Get binary files info for python-designateclient package version 2.3.0-2 (http://snapshot.notset.fr/mr/binary/python-designateclient/2.3.0-2/binfiles?fileinfo=1):

{
  "_api": "0.3",
  "_comment": "notset",
  "binary_version": "2.3.0-2",
  "binary": "python-designateclient",
  "result": [
    {
      "hash": "c50880146a09fa6a6f9cd7dfc11d5c0fc1147c673f938d0a667d348f59caf499",
      "architecture": "all"
    }
  ],
  "fileinfo": {
    "c50880146a09fa6a6f9cd7dfc11d5c0fc1147c673f938d0a667d348f59caf499": [
      {
        "name": "python-designateclient_2.3.0-2_all.deb",
        "path": "/pool/main/p/python-designateclient",
        "size": 43340,
        "archive_name": "debian",
        "suite_name": "buster",
        "component_name": "main",
        "timestamp_ranges": [
          ["20170618T072316Z", "20170821T035341Z"],
          ["20170822T154312Z", "20170922T035316Z"],
          ["20170924T042402Z", "20171024T092932Z"],
          ["20171025T221056Z", "20171106T213509Z"]
        ]
      },
      {
        "name": "python-designateclient_2.3.0-2_all.deb",
        "path": "/pool/main/p/python-designateclient",
        "size": 43340,
        "archive_name": "debian",
        "suite_name": "unstable",
        "component_name": "main",
        "timestamp_ranges": [
          ["20170101T032652Z", "20171101T160520Z"]
        ]
      }
    ]
  }
}

For every file, you have the detailed info in terms of archive, suite, component and timestamps it has been seen. For a given location, the timestamp_ranges is a set of all timestamp ranges that a file is present. A timestamp range is in the format of [begin_timestamp, end_timestamp] and contains all the timestamps available for the archive between begin_timestamp and end_timestamp.

Compute a minimal set of timestamps containing all package versions referenced in a buildinfo file

  • Example 1 (curl -F 'buildinfo=<-' http://snapshot.notset.fr/mr/buildinfo < bash_5.1-2_amd64.buildinfo):
{
  "_api": "0.3",
  "_comment": "notset: This feature is currently very experimental!",
  "results": [
    {
      "archive_name": "debian",
      "suite_name": "bullseye",
      "component_name": "main",
      "architecture": "amd64",
      "timestamps": [
        "20210101T211102Z",
        "20210110T204103Z",
        "20210116T204022Z",
        "20210208T213147Z"
      ]
    },
    {
      "archive_name": "debian",
      "suite_name": "unstable",
      "component_name": "main",
      "architecture": "amd64",
      "timestamps": [
        "20201230T203527Z",
        "20210106T142920Z"
      ]
    },
    {
      "archive_name": "debian",
      "suite_name": "buster",
      "component_name": "main",
      "architecture": "amd64",
      "timestamps": [
        "20210705T151228Z"
      ]
    }
  ]
}

For every known locations in terms of archive_name, suite_name, component_name and available architecture, it gives the set of timestamps containing all package versions referenced in the provided buildinfo file. For rebuilder softwares, you would use only one location which can contain more or less timestamps to be added to cover all the packages dependencies.
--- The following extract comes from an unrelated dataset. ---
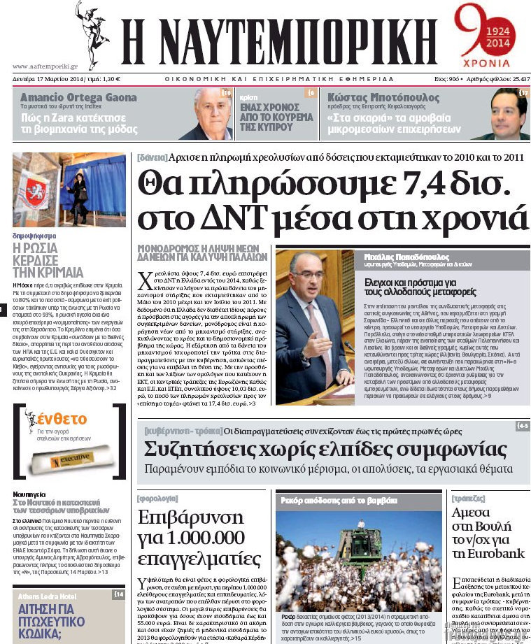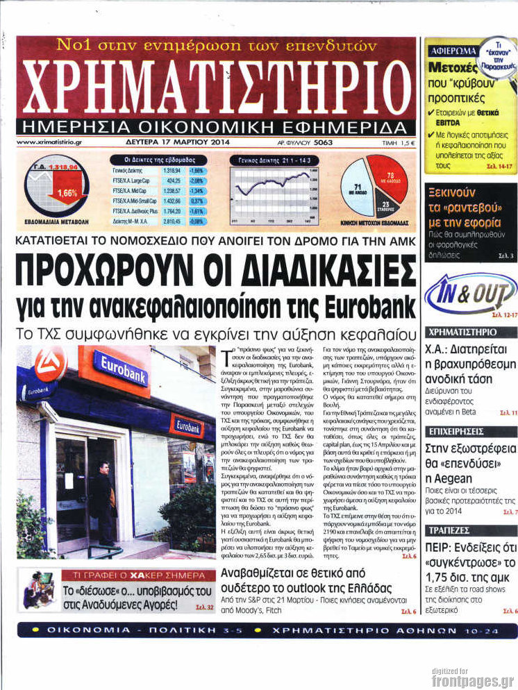 Οι oικονομικές εφημερίδες Enikos Newsroom 09:00, Δευτέρα 17 Μαρτίου 2014 Media Οι oικονομικές εφημερίδες Διαβάστε τα πρωτοσέλιδα των οικονομικών εφημερίδων: ΟΙΚΟΝΟΜΙΚΕΣ ΕΦΗΜΕΡΙΔΕΣ ΠΡΩΤΟΣΕΛΙΔΑ Μοιράσου το: σχολίασε κι εσύ (0 σχόλια) Ακολουθήστε το enikos.gr στο Google News και μάθετε πρώτοι όλες τις ειδήσεις Δείτε όλες τις τελευταίες ειδήσεις από την Ελλάδα και τον Κόσμο στο enikos.gr Ειδήσεις Ροή Ειδήσεων 58 λεπτά πριν Μητσοτάκης για αγρότες: Ελπίζω πως θα απομακρυνθούν σύντομα από τα μπλόκα 3 ώρες πριν Έρευνα MRB: Η πρόθεση ψήφου και τα σημαντικότερα προβλήματα – Οι «λέξεις» που εκφράζουν τους πολίτες 2 ώρες πριν Αλαλούμ με τις πληρωμές στους αγρότες: Δεν καταβλήθηκε η Βασική Ενίσχυση, αλλά έγινε παρακράτηση της εισφοράς στον ΕΛΓΑ – Τι απαντά η κυβέρνηση 2 ώρες πριν Κλέφτες άρπαξαν έναν… 12μετρο φουσκωτό Άγιο Βασίλη – «Αν κάποιος έχει πληροφορίες να επικοινωνήσει μαζί μας» 2 ώρες πριν Εξεταστική ΟΠΕΚΕΠΕ – Μυλωνάκης: «Ουδέποτε είχα πληροφόρηση ή ενημέρωσα οποιονδήποτε για επισυνδέσεις της δικογραφίας» 2 ώρες πριν Τα 4 ζώδια που ξαναβρίσκουν τον εαυτό τους – «Μπαίνετε επιτέλους στην ουσία των πραγμάτων» 3 ώρες πριν 20 χρόνια τα Χριστούγεννα ξεκινούν στα Public με μεγάλη ποικιλία σε δώρα! 2 ώρες πριν «Δεν είχα κλάψει από τότε που διαγνώστηκα με καρκίνο, ώσπου ένα τηλεφώνημα με έκανε να λυγίσω» – Η συγκλονιστική εξομολόγηση ενός άνδρα 47 λεπτά πριν Τα 7 σπάνια χαρακτηριστικά που κάνουν κάποιους ανθρώπους ακαταμάχητους 32 δευτερόλεπτα πριν Αγρότες: Επ’ αόριστον μπλόκο στον σταθμό στον Προμαχώνα για τα φορτηγά – Κλείνει το ρεύμα εισόδου στα Μάλγαρα 4 λεπτά πριν Τα πολυκαταστήματα attica και το Σωματείο ΕΛΠΙΔΑ εγκαινιάζουν τις ανακαινισμένες παιδικές χαρές και ανακοινώνουν τη συνέχιση της σύμπραξής τους τα φετινά Χριστούγεννα 6 λεπτά πριν Μισέλ Ομπάμα: Εμφανώς αδυνατισμένη στην εκπομπή του Τζίμι Κίμελ – Οι φήμες για τη χρήση Ozempic και η «φιλία» της με τον Ρομπ Ράινερ 12 λεπτά πριν Μίρκα Παπακωνσταντίνου: «Δεν ήμουν αισιόδοξη για τα νούμερα – Είμαι ρεαλίστρια» 19 λεπτά πριν Μεγάλη Χριστουγεννιάτικη Αγορά στην πλατεία Κοτζιά: Ξύλινα σπιτάκια, καρουζέλ και μουσική – Όλο το πρόγραμμα ENIKOS NETWORK Ανησυχητική αύξηση της υπέρτασης στα παιδιά – Πώς θα τα προστατέψουμε; Αδενώματα Υπόφυσης: Μια πάθηση καλοήθης, αλλά όχι αθώα Προϋπολογισμός: Στα 12,6 δισ. ευρώ το πρωτογενές πλεόνασμα το 11μηνο-Δείτε αναλυτικά τα στοιχεία Ελεύθεροι επαγγελματίες: Ποιοι κλάδοι δήλωσαν τους υψηλότερους ετήσιους τζίρους και ποιοι τους χαμηλότερους-Δείτε τα στοιχε... Σύγχρονος Νοστράδαμος: Προειδοποιεί για «μεγάλο γεγονός» τους επόμενους μήνες που θα συγκλονίσει τη Βρετανία και τον κόσμο Τεστ παρατηρητικότητας: Μπορείτε να βρείτε τις 3 διαφορές στις εικόνες με έναν πιγκουίνο σε 14 δευτερόλεπτα περισσότερα 12:35 , Τετάρτη 17 Δεκεμβρίου 2025 Μίρκα Παπακωνσταντίνου: «Δεν ήμουν αισιόδοξη για τα νούμερα – Είμαι ρεαλίστρια» Στα γυρίσματα του εορταστικού επεισοδίου της αγαπημένης σειράς “Το Σόι Σου”, βρέθηκε η κάμερα ... 12:12 , Τετάρτη 17 Δεκεμβρίου 2025 Ακούστε την εκπομπή του Νίκου Χατζηνικολάου 17/12/2025 Ακούστε την εκπομπή του Νίκου Χατζηνικολάου στον ραδιοφωνικό σταθμό RealFm 97,8, την Τετάρτη 1... 11:35 , Τετάρτη 17 Δεκεμβρίου 2025 Home Alone: Το σπίτι της ταινίας θα ανακαινιστεί – Επιστροφή στην αισθητική της δεκαετίας του ’90 Οι νέοι ιδιοκτήτες του πραγματικού σπιτιού που παρουσιάζεται στην κλασική ταινία του 1990 «Hom... 11:25 , Τετάρτη 17 Δε

  • Example 2 (curl -F 'buildinfo=<-' http://snapshot.notset.fr/mr/buildinfo?suite_name=buster < bash_5.1-2_amd64.buildinfo):
{
  "_api": "0.3",
  "_comment": "notset: This feature is currently very experimental!",
  "results": [
    {
      "archive_name": "debian",
      "suite_name": "buster",
      "component_name": "main",
      "architecture": "amd64",
      "timestamps": [
        "20210705T151228Z"
      ]
    }
  ]
}

It supports to filter which Debian suite to use. Additional filtering options will be provided in a near future.

Archives from other distributions

QubesOS

We include the support for the multi-versions repository of QubesOS. On this repository, we can find the QubesOS packages for bullseye and buster. As there is not strictly speaking snapshots but a repository having multiple versions for packages, we reference the unique timestamp as 99990101T000000Z. Archives are named as qubes-rX.Y-vm where rX.Y references the Qubes release and vm is the Qubes package-set.

Installation

In this section, we give a quick installation guide.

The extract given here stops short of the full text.